## [Task to carry out]
Return the lines below exactly, from the first line to the line that contains "Разускрасили туалетную бумагу". Leave out pictures.

━━ Raw data

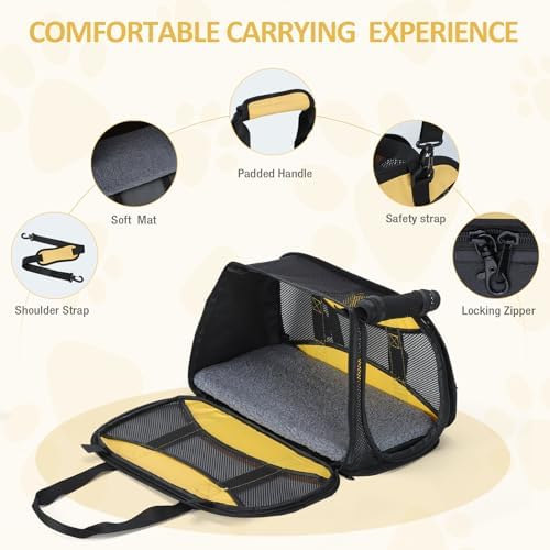 AIRLINE APPROVED CARRIER: Pet carrier for dog cat is TSA approved(Including budget airlines) and can be placed under the seat in the cabin,We recommend that you speak to the airline before you depart CHECK PET SIZE: Please measure your pet's length and height and weight and other 3 data before purchasing to make sure your pet can stand, lie down and sit comfortably in the pet carrier travel bag,Cat carriers size:17.71"Lx10.23"Wx12.59"H,Weight 15lbs or less BETTER BREATHABILITY: The small pet cat carrier has breathable mesh windows on all 4 sides, excellent air circulation to prevent your pet from sweltering, and a wide field of vision for your pet to observe and for you to communicate with your pet STURDY FABRIC: Comparison of similar products made of waterproof, non-toxic, scratch-resistant and wear-resistant new fabrics, mesh material has been upgraded to effectively prevent pets from tearing the mesh with their nails, preventing pets from falling out of the pet carrier for dog cat EASY TO CARRY: Cat dog carriers for pet travel, take your pet to the office, walk in the park, visit the vet, the adjustable shoulder straps and carrier can attach the cat carrier to your luggage ,on any mode of transportation, thus ensuring your pet a safe journey #43,563 in Pet Supplies ( ) #99 in #110 in
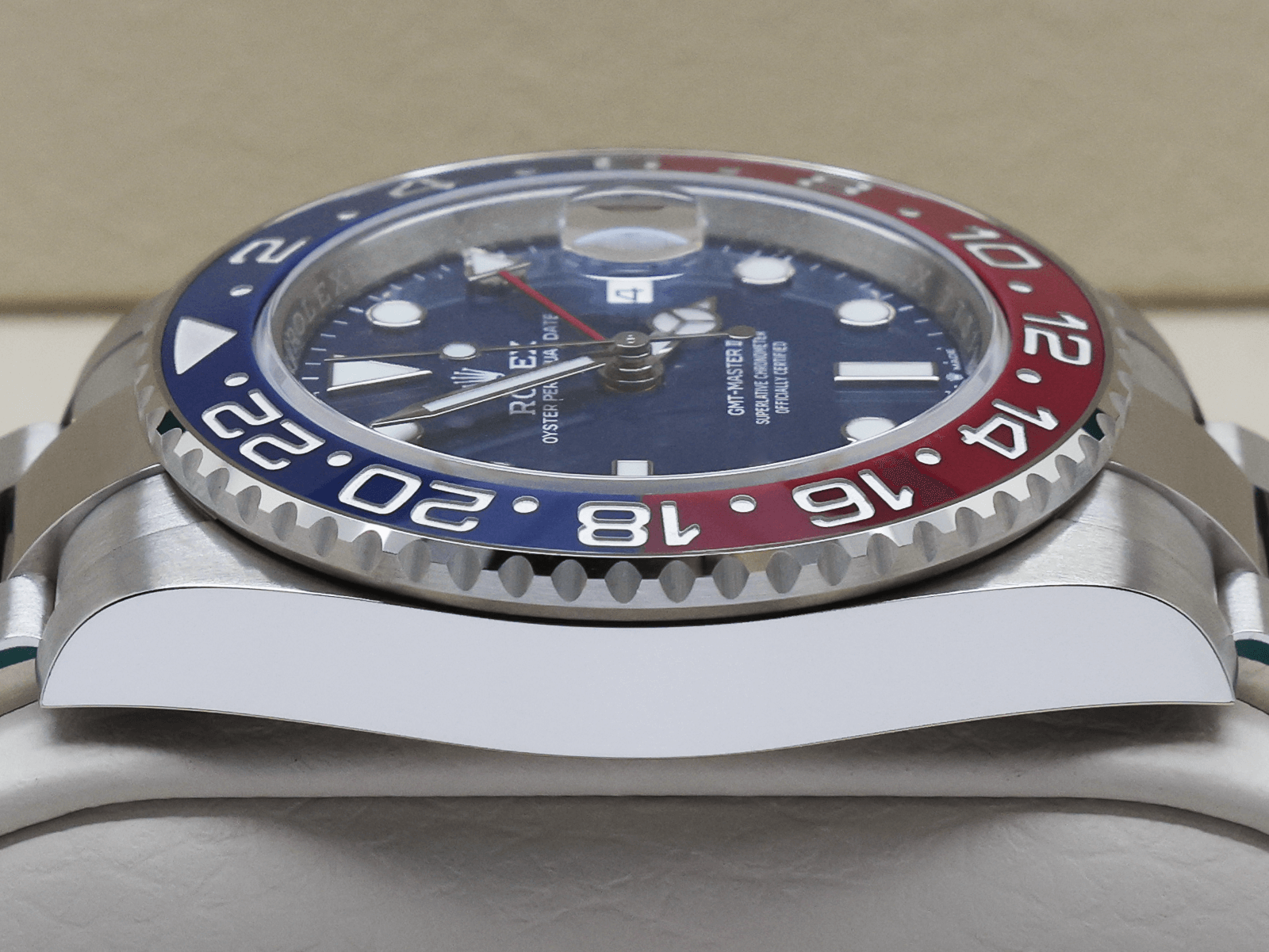 Stunning Gents Rolex GMT-Master II “Pepsi” Watch in 18ct White Gold with a Blue Dial and 18ct White Gold Rotating Bezel with a Blue and Red Ceramic Bezel.
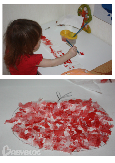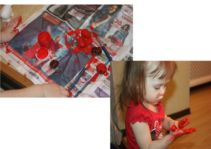 Разускрасили туалетную бумагу в крсный цвет(за неимением цвет бумаги), после того как она высохла занимались апликацией- скорее я, Настя пару раз подбежала посмотреть, что я там такое делаю).
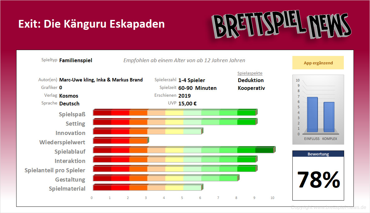 „Exit Spiele“ sind Titel, die sich einmal spielen lassen und oftmals wird das Spielmaterial dabei zerstört. Allein oder in der Gruppe bis zu viert, lässt sich ein Escape-Room ähnliche Spielprinzip auf den Tisch zaubern. Ein Exemplar kostet 14,99 € und bietet eine Spielzeit von 45-90 Minuten.

━━━━

## [Response to this exercise]
 AIRLINE APPROVED CARRIER: Pet carrier for dog cat is TSA approved(Including budget airlines) and can be placed under the seat in the cabin,We recommend that you speak to the airline before you depart CHECK PET SIZE: Please measure your pet's length and height and weight and other 3 data before purchasing to make sure your pet can stand, lie down and sit comfortably in the pet carrier travel bag,Cat carriers size:17.71"Lx10.23"Wx12.59"H,Weight 15lbs or less BETTER BREATHABILITY: The small pet cat carrier has breathable mesh windows on all 4 sides, excellent air circulation to prevent your pet from sweltering, and a wide field of vision for your pet to observe and for you to communicate with your pet STURDY FABRIC: Comparison of similar products made of waterproof, non-toxic, scratch-resistant and wear-resistant new fabrics, mesh material has been upgraded to effectively prevent pets from tearing the mesh with their nails, preventing pets from falling out of the pet carrier for dog cat EASY TO CARRY: Cat dog carriers for pet travel, take your pet to the office, walk in the park, visit the vet, the adjustable shoulder straps and carrier can attach the cat carrier to your luggage ,on any mode of transportation, thus ensuring your pet a safe journey #43,563 in Pet Supplies ( ) #99 in #110 in
 Stunning Gents Rolex GMT-Master II “Pepsi” Watch in 18ct White Gold with a Blue Dial and 18ct White Gold Rotating Bezel with a Blue and Red Ceramic Bezel.
 Разускрасили туалетную бумагу в крсный цвет(за неимением цвет бумаги), после того как она высохла занимались апликацией- скорее я, Настя пару раз подбежала посмотреть, что я там такое делаю).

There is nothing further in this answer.